Pharmaceutical

Australian Woman blames hernia mesh for infection

surgery Wikipedia Australian Woman blames hernia mesh for infectionAn Australian woman has been awarded a $1 million verdict after she suffered an infection following hernia mesh surgery

Kylie Tinnock, a mother of three, underwent incisional hernia repair surgery on June 7, 2010, at  Wagga Base Hospital. The primary surgeon, Dr. Justin Gundara, and specialist general surgeon, Dr. Michael Payne, used a hernia mesh device to assist in repair.

On June 15, 2010, a second surgery was required to drain a seroma that had formed. A vacuum dressing was used as a therapeutic technique to promote healing.

On June 27, 2010, Tinnock returned for a third procedure in which Dr. Payne closed the abdominal cavity from the vacuum dressing.

When Tinnock, 46, began developing an infection, she was admitted to the Calvary Hospital in Canberra on July 16, 2010, where the infection was found to be quite severe. Another surgery was necessary to remove the infection.

Dr. Trevor Currer, a consulting surgeon, advised the Murrumbidgee Local Health District during trial that three contributing factors to Tinnock’s infection were the fact that the patient smoked, was obese, and had a caesarean incision very low in the abdomen.

“Those three factors are massive,” Dr. Currer told the court.

However, those factors weren’t the only reasons for the infection, Dr. Currer pointed out. “Once there is a mesh in place, if you suspect infection, you consider the mesh is implicated.”

In total, Tinnock underwent five surgeries and various treatments following the initial surgery until September 2011, the Blue Mountain Gazette reports. She complained of constant pain and discomfort as well as major scarring. The difficulties severely impaired her daily life. For these reasons among many others, Tinnock sued the Murrumbidgee Local Health District for negligence and damages.

Judge Campbell had no problem ruling in Tinnock’s favor, saying, “She would have gone on to lead a normal unrestricted life and would not have required the multiplicity of operations that followed” had other methods been used.

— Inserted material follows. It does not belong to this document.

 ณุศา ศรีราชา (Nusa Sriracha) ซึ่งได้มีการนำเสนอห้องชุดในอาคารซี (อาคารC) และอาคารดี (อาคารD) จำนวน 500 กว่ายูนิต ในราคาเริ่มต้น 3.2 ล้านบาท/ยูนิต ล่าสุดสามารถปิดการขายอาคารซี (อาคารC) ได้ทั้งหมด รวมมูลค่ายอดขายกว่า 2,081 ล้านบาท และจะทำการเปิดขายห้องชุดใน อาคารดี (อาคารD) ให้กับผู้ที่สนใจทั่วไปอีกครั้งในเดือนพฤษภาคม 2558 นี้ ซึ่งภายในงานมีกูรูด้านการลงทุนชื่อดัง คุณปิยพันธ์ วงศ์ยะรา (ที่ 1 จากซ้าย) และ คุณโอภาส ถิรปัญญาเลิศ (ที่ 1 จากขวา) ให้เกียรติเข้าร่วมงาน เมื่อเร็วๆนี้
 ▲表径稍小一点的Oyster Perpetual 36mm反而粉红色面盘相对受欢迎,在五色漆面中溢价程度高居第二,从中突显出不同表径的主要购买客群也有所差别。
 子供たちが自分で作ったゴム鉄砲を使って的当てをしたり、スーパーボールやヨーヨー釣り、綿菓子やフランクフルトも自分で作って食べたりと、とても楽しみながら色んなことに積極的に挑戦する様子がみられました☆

Although it is unclear which brand hernia mesh was used in Tinnock’s surgery, pateints implanted with Physiomesh report similar problems. The five-layer design of Physiomesh, a product of Johnson & Johnson’s Ethicon, is nonabsorbable with a primary polypropylene mesh at its center. Many patients who have experienced infection following Physiomesh hernia mesh repair surgery complain that the multiple layers discourage adequate fluid drainage, which they say leads to a buildup of infection-causing bacteria.